### Excerpted data

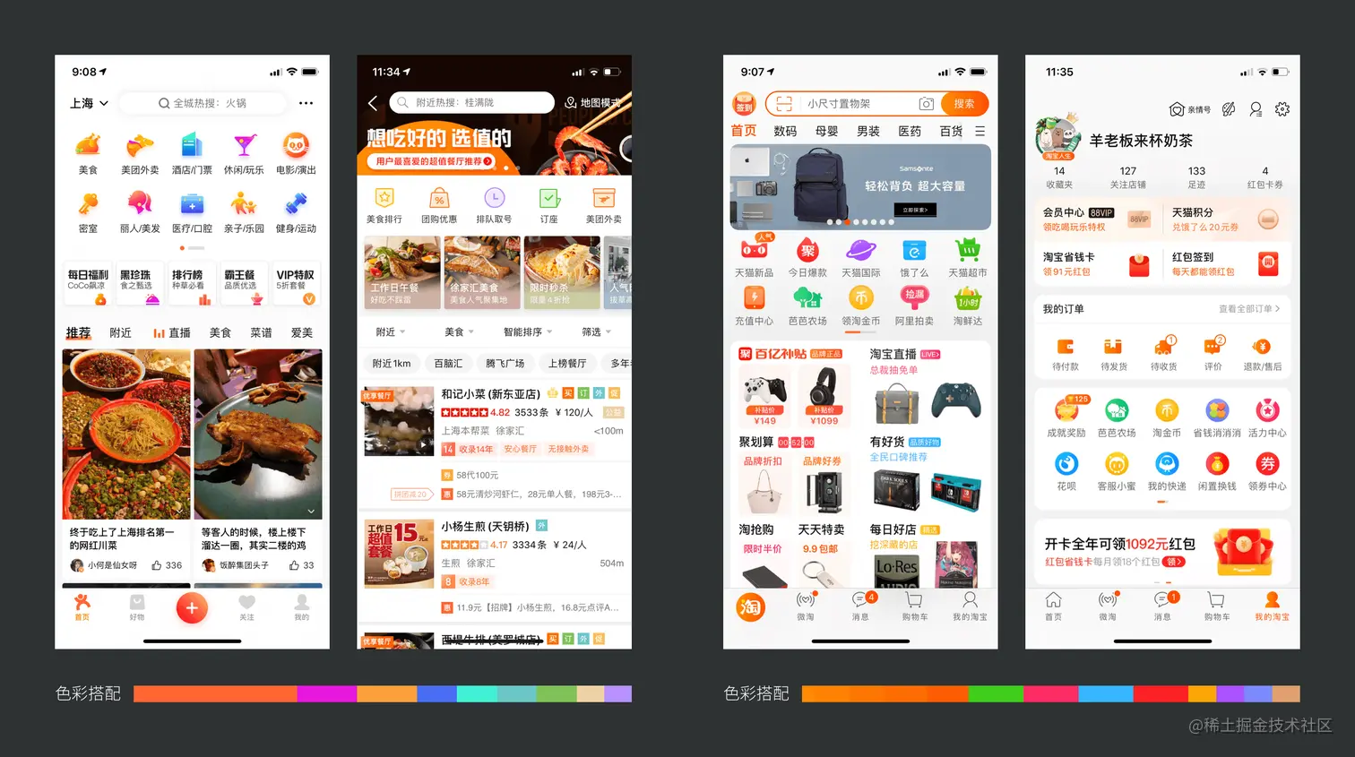 主色会作为顶部标题栏或其它重要模块中的背景色,进行大面积应用,加深用户对品牌的认知和辨识度。而产品中又包含了大量功能和服务,需要用丰富的色彩来进行暗示,吸引用户关注。
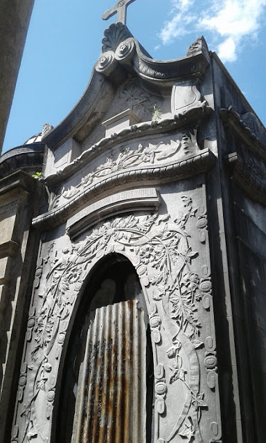 Este fué mi primer encuentro con el Art Nouveau en este cementerio para mi gran sorpresa ya que sus lineas decorativas que se imponen a la misma arquitectura me parecia que expresaba un sentimiento un tanto contrapuesto con el contexto. Sus lineas semejantes a un sinuso látigo son expresión de una confianza en el progreso indefinido con una invitación muy directa a gozar de la vida. Posiblemente muchos de estos sentimientos fueron los que motivaron la elección de este estilo para la decoración de esta bóveda, gloriosa en otros tiempos. Todo expresa una gran serenidad, totalmente despojada de cualquier manifestación de duelo o pena y nos propone con flores, plantas y curvas mirar la vida con optimismo y que la muerte no interrumpa ese sentimiento. La cantidad de obras arquitectónicas Art Nouveau en este Cementerio es muy posible un elemento que hace a su identidad ya que son numerosas las obras que siguen estas líneas decorativas.
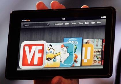 ภาพจากแฟ้มเมื่อช่วงปลายเดือนกันยายนที่ผ่านมา ซึ่งเป็นการแถลงข่าว “คินเดิล ไฟร์” ที่นิวยอร์ก สหรัฐอเมริกา “คินเดิล ไฟร์” เป็นแท็บเล็ตคอมพิวเตอร์ หน้าจอสีรุ่นแรกของอะเมซอน ที่ ลงสู้ศึกในสมรภูมิแท็บเล็ตระหว่างไอแพด ของค่ายแอปเปิ้ล และนุค คัลเลอร์ของค่ายโนเบิล อิงค์ เพิ่งมีการจัดส่งให้ลูกค้าไปเมื่อ 14 พ.ย.ที่ผ่านมา.
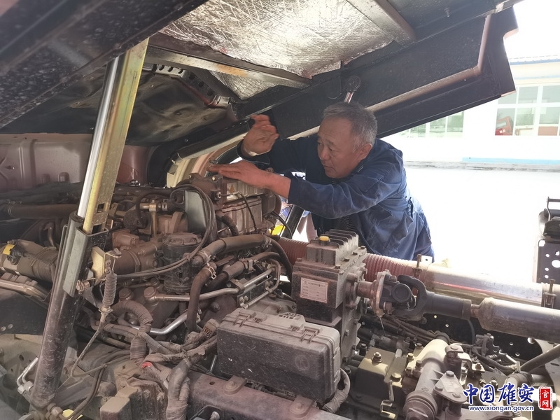 专业维修人员对消防车发动机仓开展检查保养。中国雄安官网发
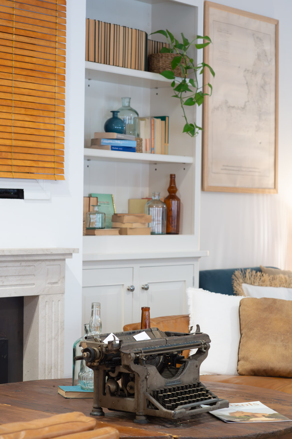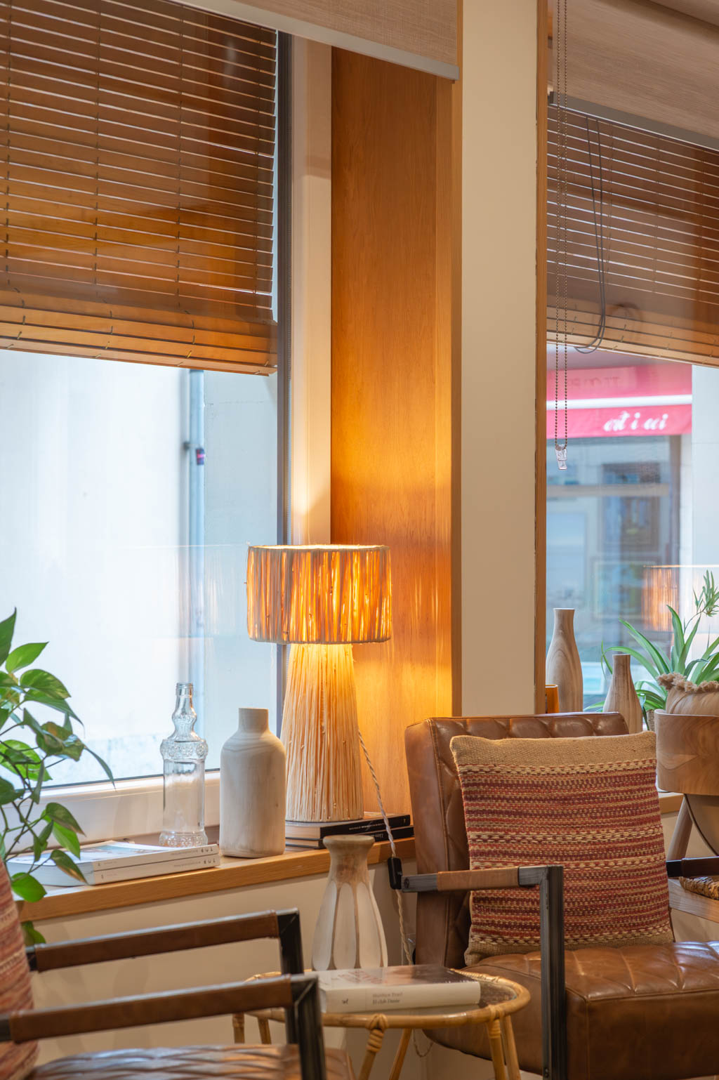 Terrace with plants, books, and a lamp.
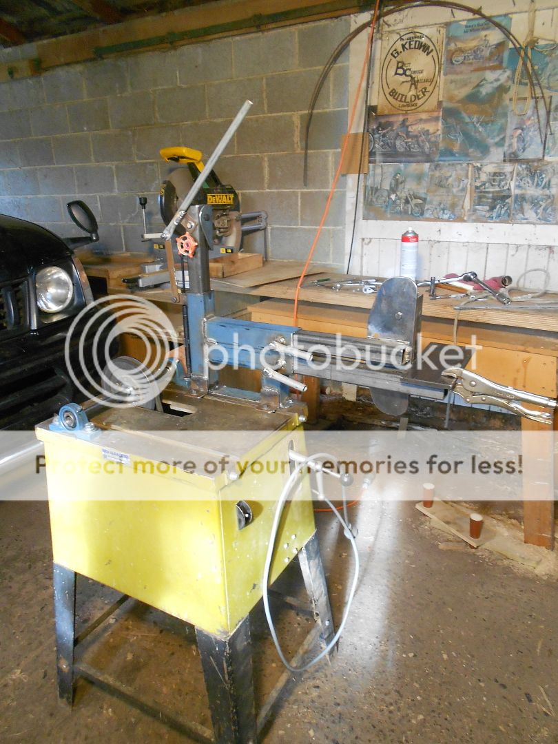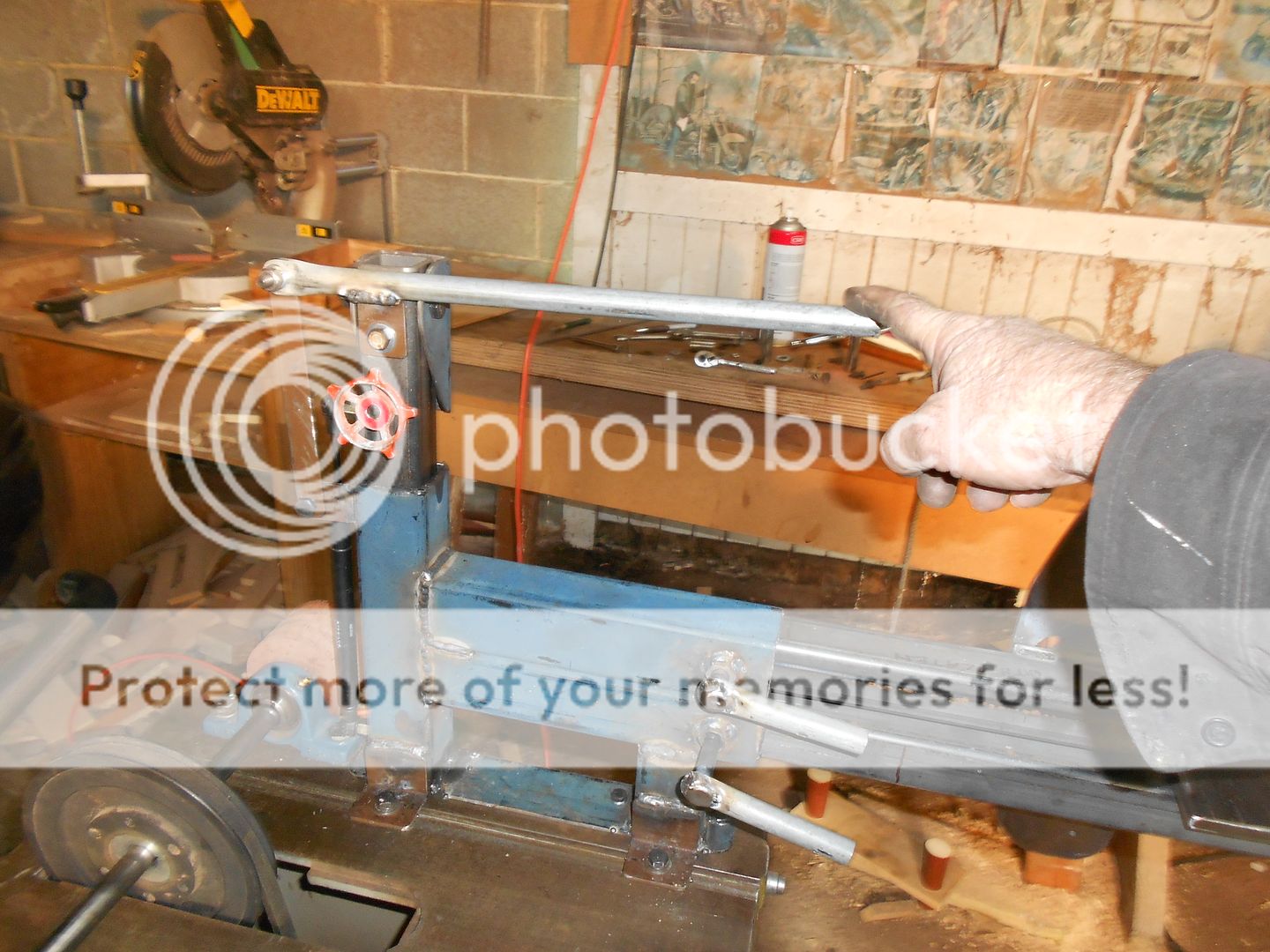 The handle of an old gate valve made for a good tracking adjuster wheel and a length of pipe flatened and welded to the bolt head will allow for tightening up on the two sliding tool heads.
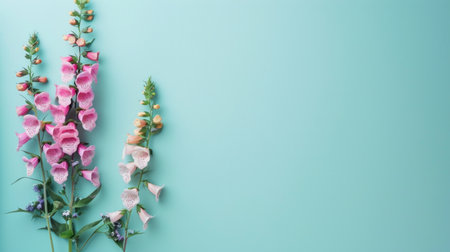 Flowers composition. Digitalis purpurea or foxglove flowers with green leaves on pastel blue background. Flat lay, top view, copy space

######

**Work required:** Once the line containing "Terrace with plants, books, and a lamp." is found, it and every line through the end of the records above should be output exactly, with no pictures.

**Exercise output:**
 Terrace with plants, books, and a lamp.
 The handle of an old gate valve made for a good tracking adjuster wheel and a length of pipe flatened and welded to the bolt head will allow for tightening up on the two sliding tool heads.
 Flowers composition. Digitalis purpurea or foxglove flowers with green leaves on pastel blue background. Flat lay, top view, copy space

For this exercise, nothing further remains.